For the better part of the past year, Fitz and the Tantrums have taken their energetic show on the road. A couple of years removed from the recording process, Scaggs says, the band were confident and proud of the songs they had written for this album, but they weren't sure it would translate to the masses. "The record could have easily not done well because we really focused these songs [to be] very pop-friendly," she says. "We've always done pop music, but because there was a retro-soul/'80s-new-wave-inspired sound, we were being pigeonholed by a lot of people. We wanted to show we were more than just a trend that was happening at the time, and we're glad it translated the way it did."

Fitz and the Tantrums rarely take time off, but when they do, they can hardly sit still. During the band's recent lull in activity, Scaggs has been busy writing songs and working on her food blog. And so far for 2015, the only tour dates on the books are two shows in South America. But first, the singer says, the sextet plan to take a few months off before beginning in the spring to work on their third album.

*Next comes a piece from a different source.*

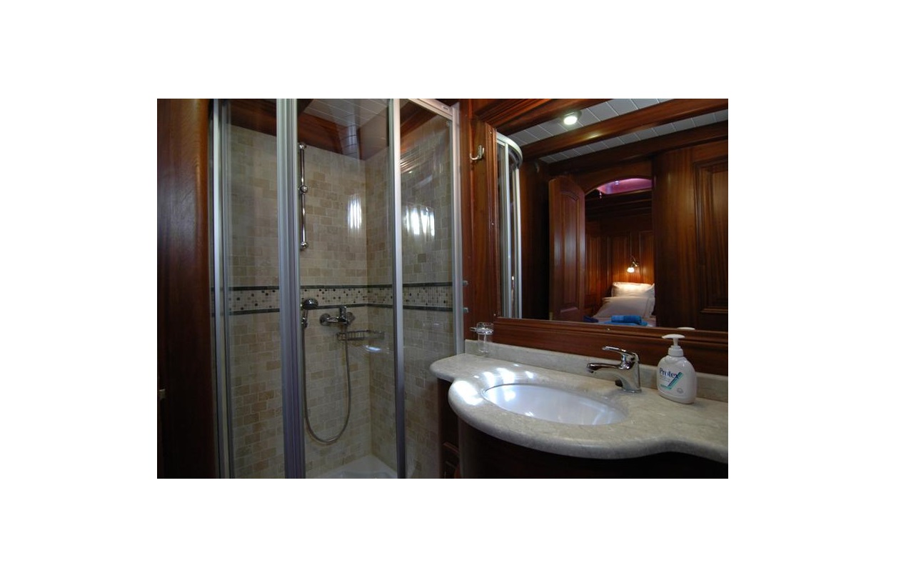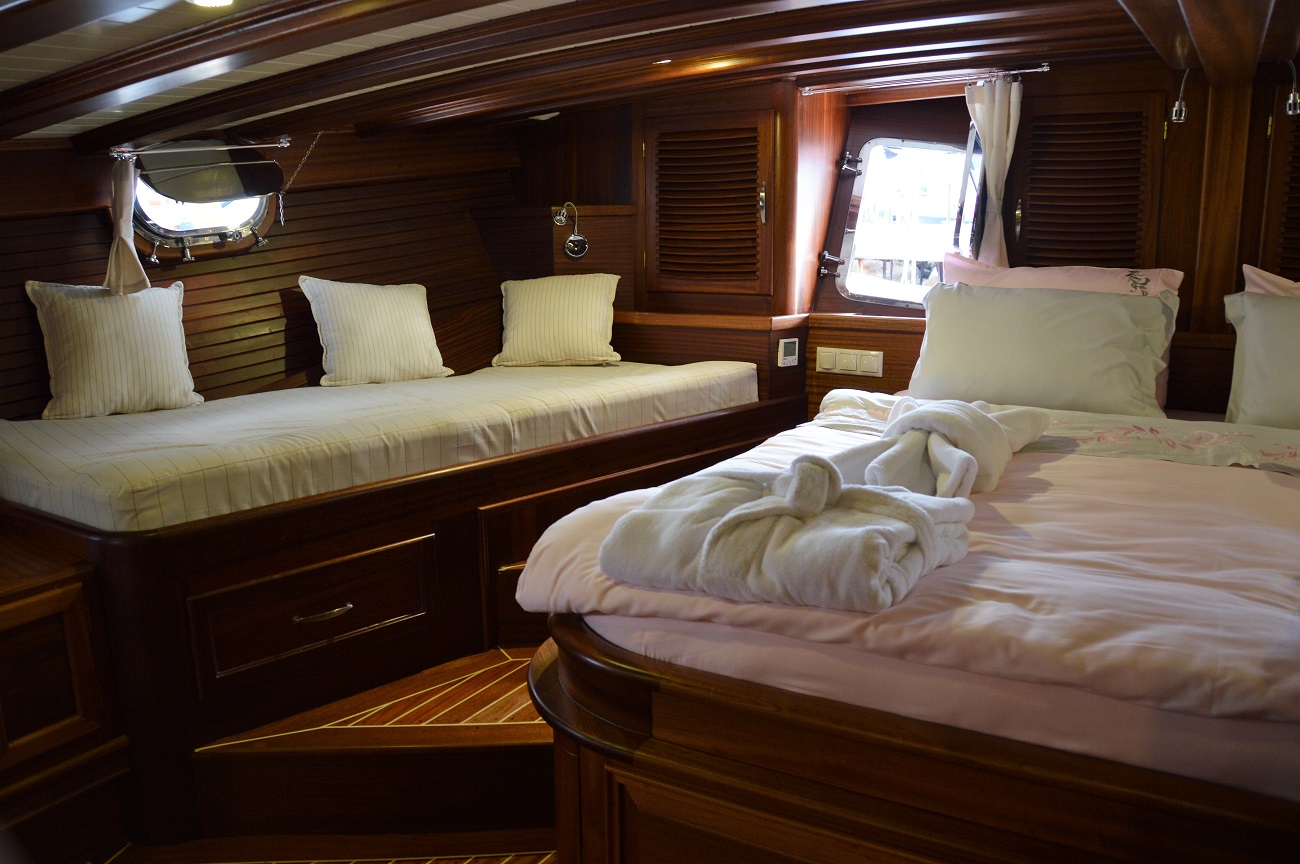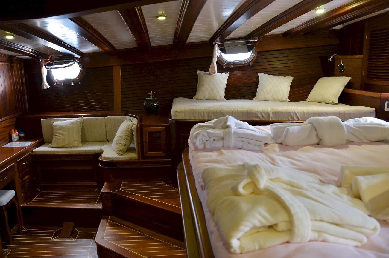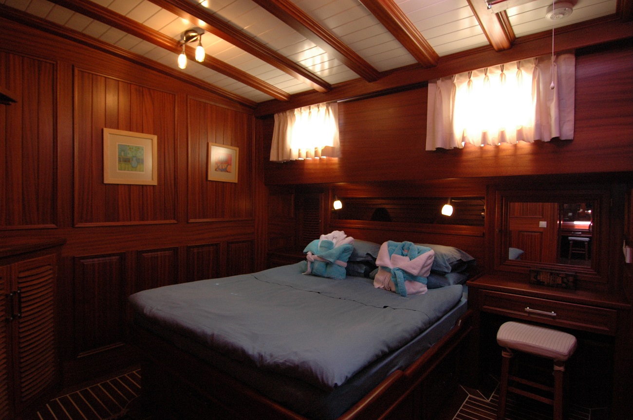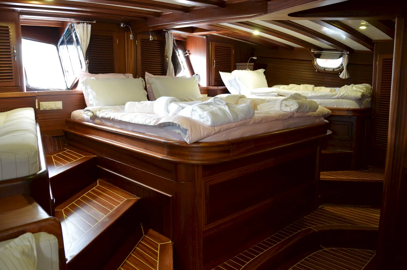 Sleeps 12 guests in 6 large cabins (+2 small children with additional child beds) 2 Master(double bed: 150 x 210 and 180 x 200 cm) 2 Double (double beds: 150 x 200) 2 Twin (single beds: 90 x 200 – which could also convert into King Size double beds upon request) Ensuite bathrooms with shower cabins and electric toilets | |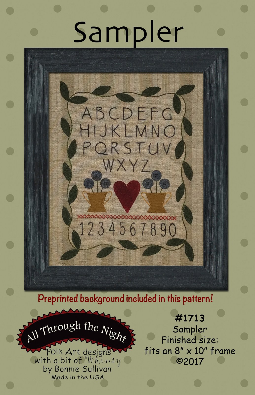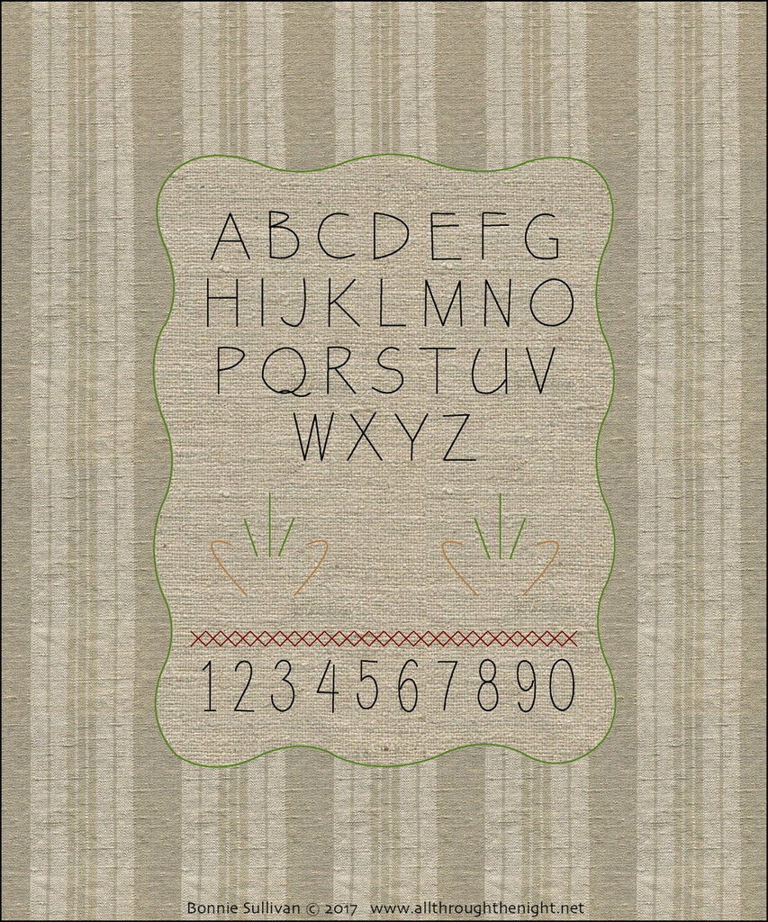 Pattern includes preprinted background fabric. Finished project fits a standard 8" x 10" frame. All you need to add is a little applique and embroidery. The embroidery lines are printed on - no tracing needed!

Even with the growing expectations surrounding their next album, Scaggs can't help but relish what Fitz and the Tantrums have accomplished thus far. Though she and her band mates remain sharply focused on writing music they're proud of, seeing success so tangibly--as they did in Colorado--is what excites them six and a half years into their career. "We've climbed our way to where we are now, and it's rewarding to see both our old fans and new ones take a chance on us," she says. "I'm a fan of watching the growth of any band, and when it's your own band, it's hard to put into words and define."

Fitz and the Tantrums perform at the Downtown Long Beach New Year's Eve Celebration, on Pine Avenue, between First and Fourth streets, Long Beach. Wed., 11:20 p.m. $35. All ages.